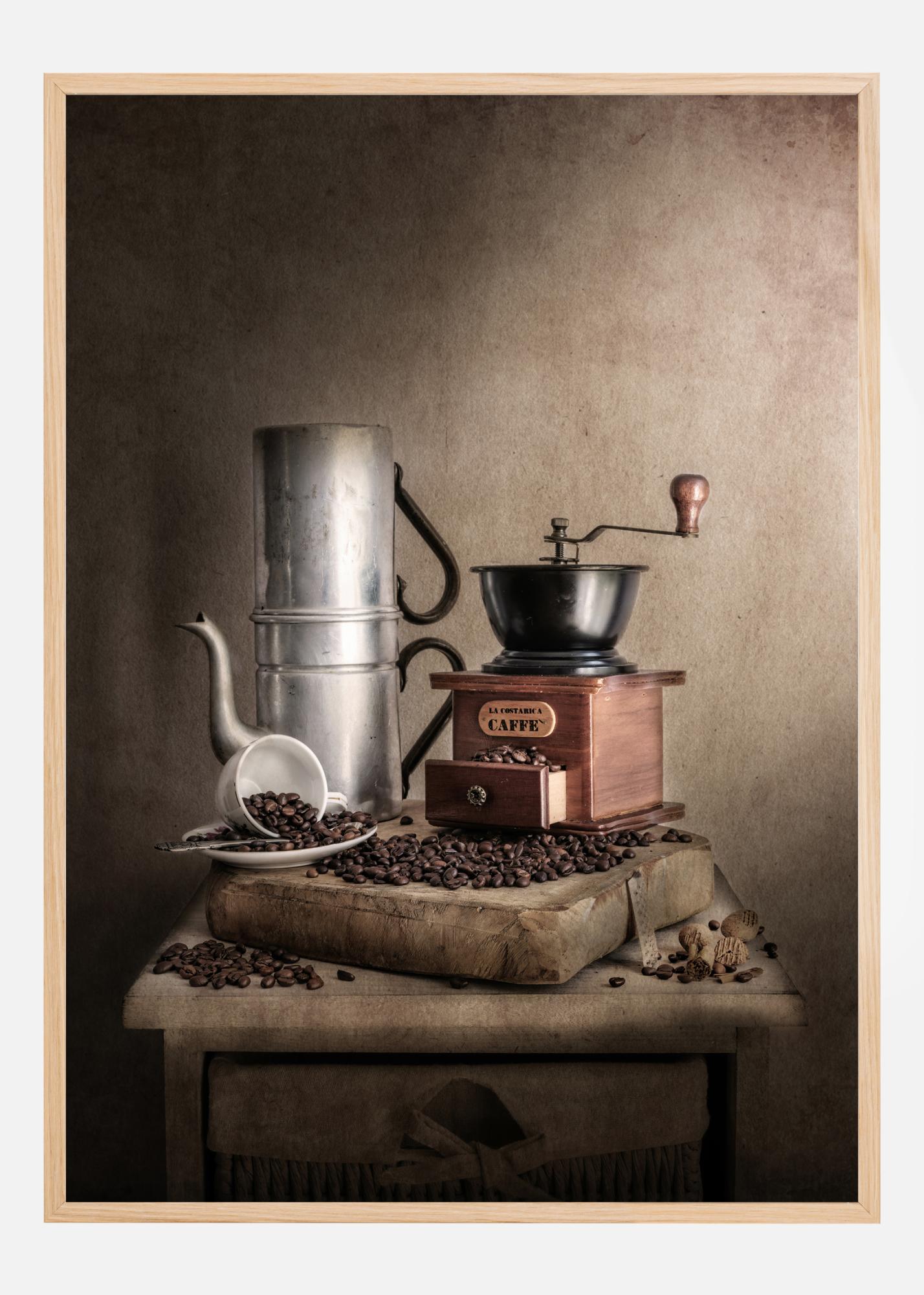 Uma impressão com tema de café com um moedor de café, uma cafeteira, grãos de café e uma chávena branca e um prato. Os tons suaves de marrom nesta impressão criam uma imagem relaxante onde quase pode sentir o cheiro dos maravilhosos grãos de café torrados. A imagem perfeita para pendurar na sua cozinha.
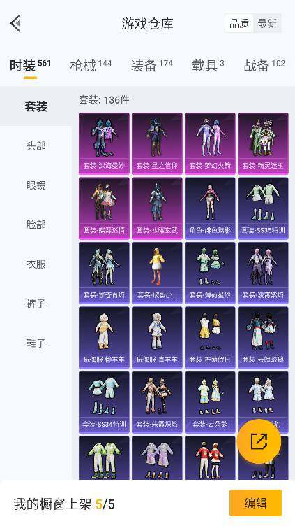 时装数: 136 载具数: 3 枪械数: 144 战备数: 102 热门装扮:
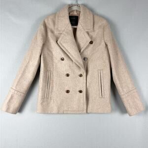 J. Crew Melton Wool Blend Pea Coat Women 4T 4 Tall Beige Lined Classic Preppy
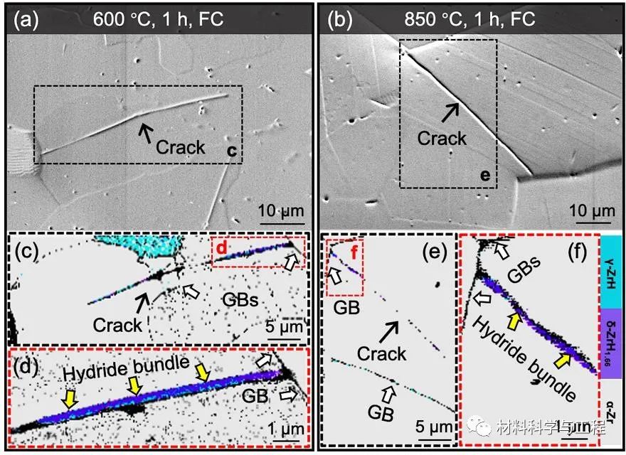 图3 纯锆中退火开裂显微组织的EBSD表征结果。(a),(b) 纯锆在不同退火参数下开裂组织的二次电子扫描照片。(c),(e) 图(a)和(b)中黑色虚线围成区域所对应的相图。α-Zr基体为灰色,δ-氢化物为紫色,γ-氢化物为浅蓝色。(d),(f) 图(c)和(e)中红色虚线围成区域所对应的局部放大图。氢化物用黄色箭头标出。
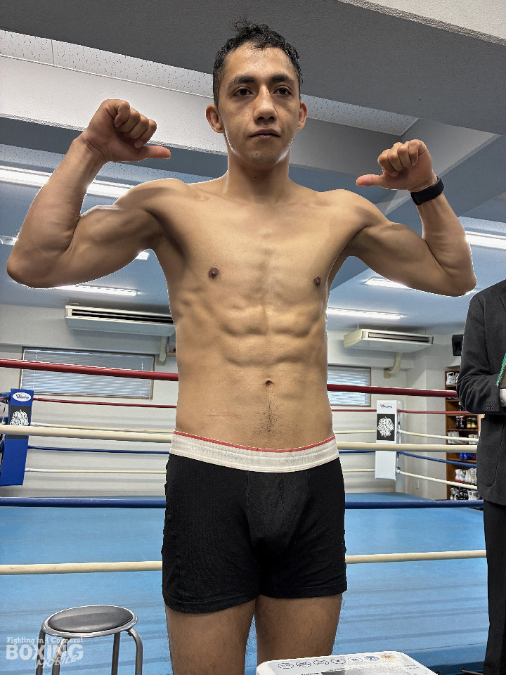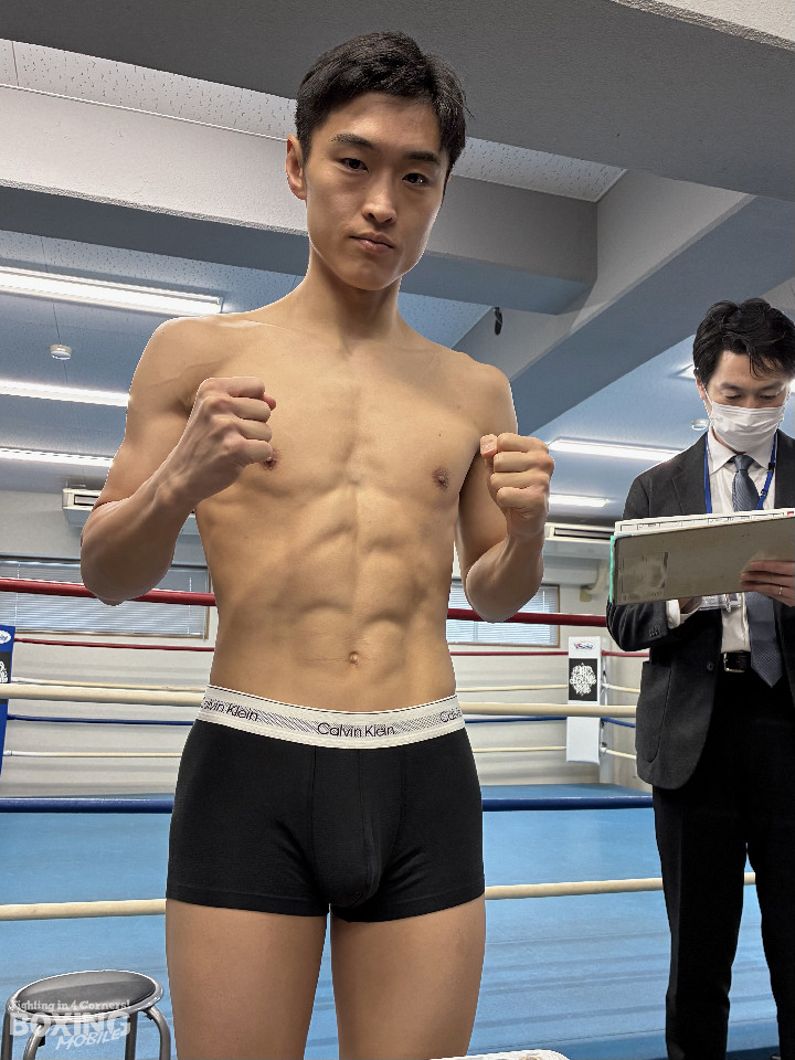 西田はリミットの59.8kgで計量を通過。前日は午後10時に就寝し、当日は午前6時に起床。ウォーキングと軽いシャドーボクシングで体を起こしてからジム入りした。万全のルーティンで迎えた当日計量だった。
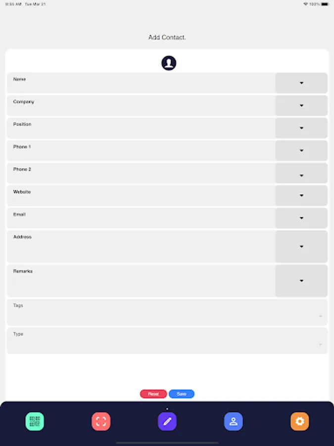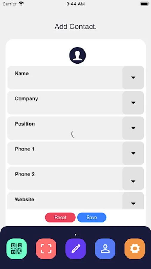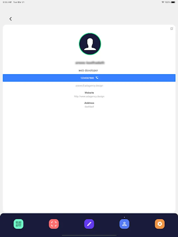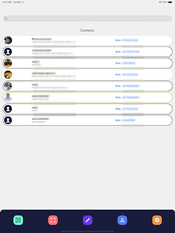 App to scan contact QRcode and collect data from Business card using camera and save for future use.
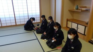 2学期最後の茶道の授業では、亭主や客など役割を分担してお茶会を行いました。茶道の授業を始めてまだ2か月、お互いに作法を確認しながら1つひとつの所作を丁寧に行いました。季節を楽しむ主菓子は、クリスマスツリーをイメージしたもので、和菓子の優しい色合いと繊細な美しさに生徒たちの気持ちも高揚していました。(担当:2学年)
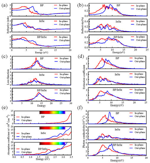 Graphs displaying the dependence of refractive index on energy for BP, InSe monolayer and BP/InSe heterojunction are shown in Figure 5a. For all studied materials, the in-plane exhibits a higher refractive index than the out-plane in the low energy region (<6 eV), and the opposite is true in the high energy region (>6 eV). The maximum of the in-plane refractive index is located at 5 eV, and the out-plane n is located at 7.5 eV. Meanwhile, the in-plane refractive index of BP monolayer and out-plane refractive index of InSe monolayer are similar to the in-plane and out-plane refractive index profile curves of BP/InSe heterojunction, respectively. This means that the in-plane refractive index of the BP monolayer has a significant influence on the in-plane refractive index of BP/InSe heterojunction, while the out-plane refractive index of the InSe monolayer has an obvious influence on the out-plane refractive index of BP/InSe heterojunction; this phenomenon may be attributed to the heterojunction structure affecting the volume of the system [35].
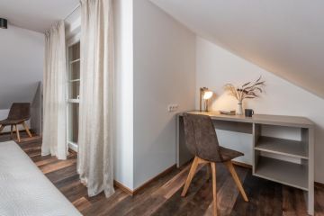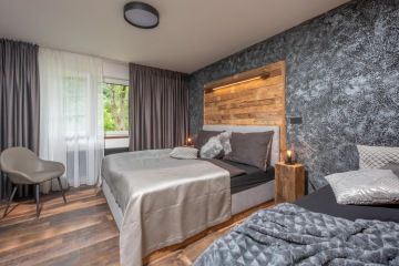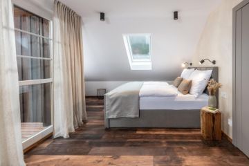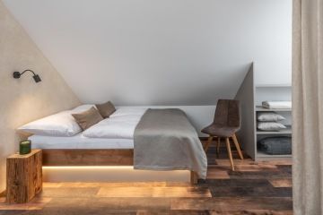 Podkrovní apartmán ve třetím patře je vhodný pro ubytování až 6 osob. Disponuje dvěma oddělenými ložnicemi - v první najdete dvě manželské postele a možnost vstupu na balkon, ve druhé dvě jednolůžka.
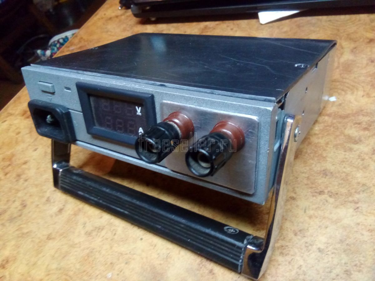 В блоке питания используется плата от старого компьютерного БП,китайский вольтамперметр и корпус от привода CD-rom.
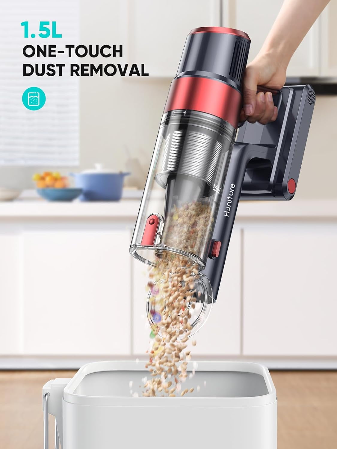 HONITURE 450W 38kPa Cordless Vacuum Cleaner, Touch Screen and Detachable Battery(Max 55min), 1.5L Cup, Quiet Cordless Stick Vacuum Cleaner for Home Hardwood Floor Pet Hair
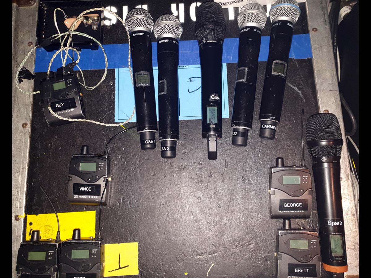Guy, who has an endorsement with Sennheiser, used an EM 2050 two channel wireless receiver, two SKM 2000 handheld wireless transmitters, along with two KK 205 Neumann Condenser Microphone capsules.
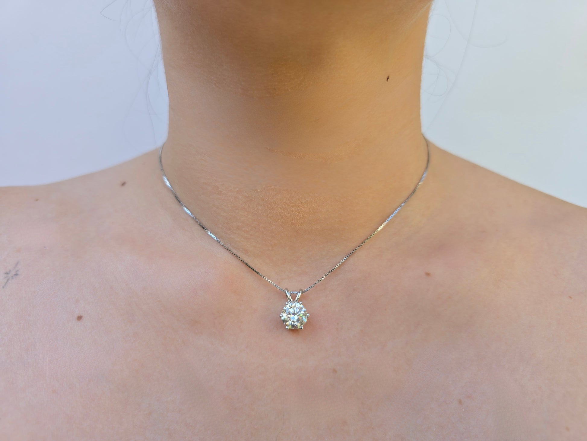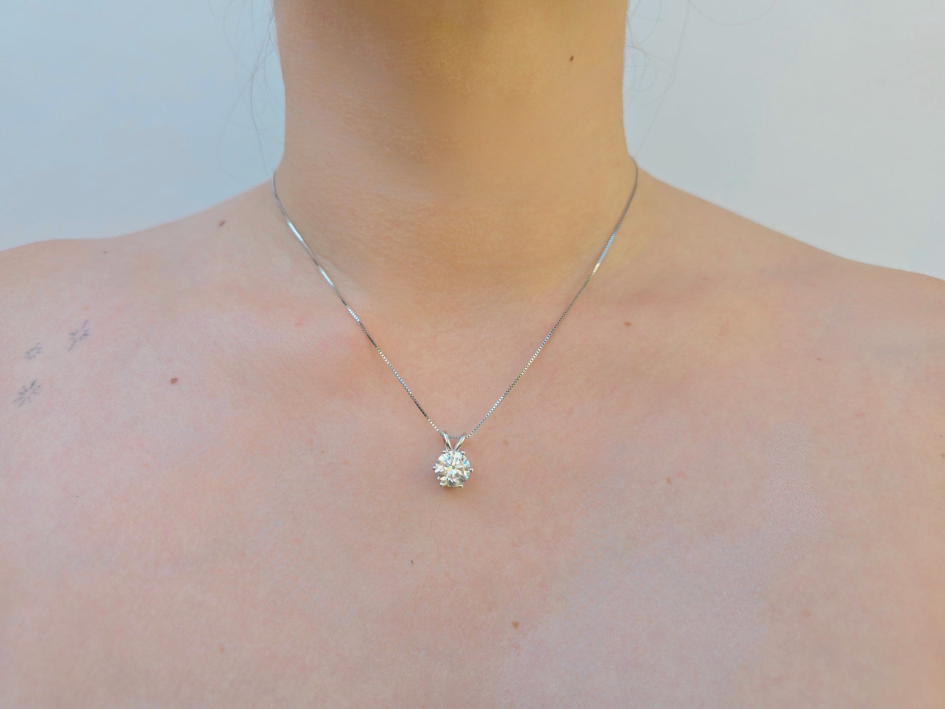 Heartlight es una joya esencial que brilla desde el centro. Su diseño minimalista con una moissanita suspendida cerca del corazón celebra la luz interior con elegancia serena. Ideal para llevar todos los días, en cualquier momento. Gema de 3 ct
------------------------------------------------------------
▸ **Exercise goal**: Return the material above exactly; the images stay out.

▸ **Answer to this exercise**:
 Uma impressão com tema de café com um moedor de café, uma cafeteira, grãos de café e uma chávena branca e um prato. Os tons suaves de marrom nesta impressão criam uma imagem relaxante onde quase pode sentir o cheiro dos maravilhosos grãos de café torrados. A imagem perfeita para pendurar na sua cozinha.
 时装数: 136 载具数: 3 枪械数: 144 战备数: 102 热门装扮:
 J. Crew Melton Wool Blend Pea Coat Women 4T 4 Tall Beige Lined Classic Preppy
 图3 纯锆中退火开裂显微组织的EBSD表征结果。(a),(b) 纯锆在不同退火参数下开裂组织的二次电子扫描照片。(c),(e) 图(a)和(b)中黑色虚线围成区域所对应的相图。α-Zr基体为灰色,δ-氢化物为紫色,γ-氢化物为浅蓝色。(d),(f) 图(c)和(e)中红色虚线围成区域所对应的局部放大图。氢化物用黄色箭头标出。
 西田はリミットの59.8kgで計量を通過。前日は午後10時に就寝し、当日は午前6時に起床。ウォーキングと軽いシャドーボクシングで体を起こしてからジム入りした。万全のルーティンで迎えた当日計量だった。
 App to scan contact QRcode and collect data from Business card using camera and save for future use.
 2学期最後の茶道の授業では、亭主や客など役割を分担してお茶会を行いました。茶道の授業を始めてまだ2か月、お互いに作法を確認しながら1つひとつの所作を丁寧に行いました。季節を楽しむ主菓子は、クリスマスツリーをイメージしたもので、和菓子の優しい色合いと繊細な美しさに生徒たちの気持ちも高揚していました。(担当:2学年)
 Graphs displaying the dependence of refractive index on energy for BP, InSe monolayer and BP/InSe heterojunction are shown in Figure 5a. For all studied materials, the in-plane exhibits a higher refractive index than the out-plane in the low energy region (<6 eV), and the opposite is true in the high energy region (>6 eV). The maximum of the in-plane refractive index is located at 5 eV, and the out-plane n is located at 7.5 eV. Meanwhile, the in-plane refractive index of BP monolayer and out-plane refractive index of InSe monolayer are similar to the in-plane and out-plane refractive index profile curves of BP/InSe heterojunction, respectively. This means that the in-plane refractive index of the BP monolayer has a significant influence on the in-plane refractive index of BP/InSe heterojunction, while the out-plane refractive index of the InSe monolayer has an obvious influence on the out-plane refractive index of BP/InSe heterojunction; this phenomenon may be attributed to the heterojunction structure affecting the volume of the system [35].
 Podkrovní apartmán ve třetím patře je vhodný pro ubytování až 6 osob. Disponuje dvěma oddělenými ložnicemi - v první najdete dvě manželské postele a možnost vstupu na balkon, ve druhé dvě jednolůžka.
 В блоке питания используется плата от старого компьютерного БП,китайский вольтамперметр и корпус от привода CD-rom.
 HONITURE 450W 38kPa Cordless Vacuum Cleaner, Touch Screen and Detachable Battery(Max 55min), 1.5L Cup, Quiet Cordless Stick Vacuum Cleaner for Home Hardwood Floor Pet Hair
Guy, who has an endorsement with Sennheiser, used an EM 2050 two channel wireless receiver, two SKM 2000 handheld wireless transmitters, along with two KK 205 Neumann Condenser Microphone capsules.
 Heartlight es una joya esencial que brilla desde el centro. Su diseño minimalista con una moissanita suspendida cerca del corazón celebra la luz interior con elegancia serena. Ideal para llevar todos los días, en cualquier momento. Gema de 3 ct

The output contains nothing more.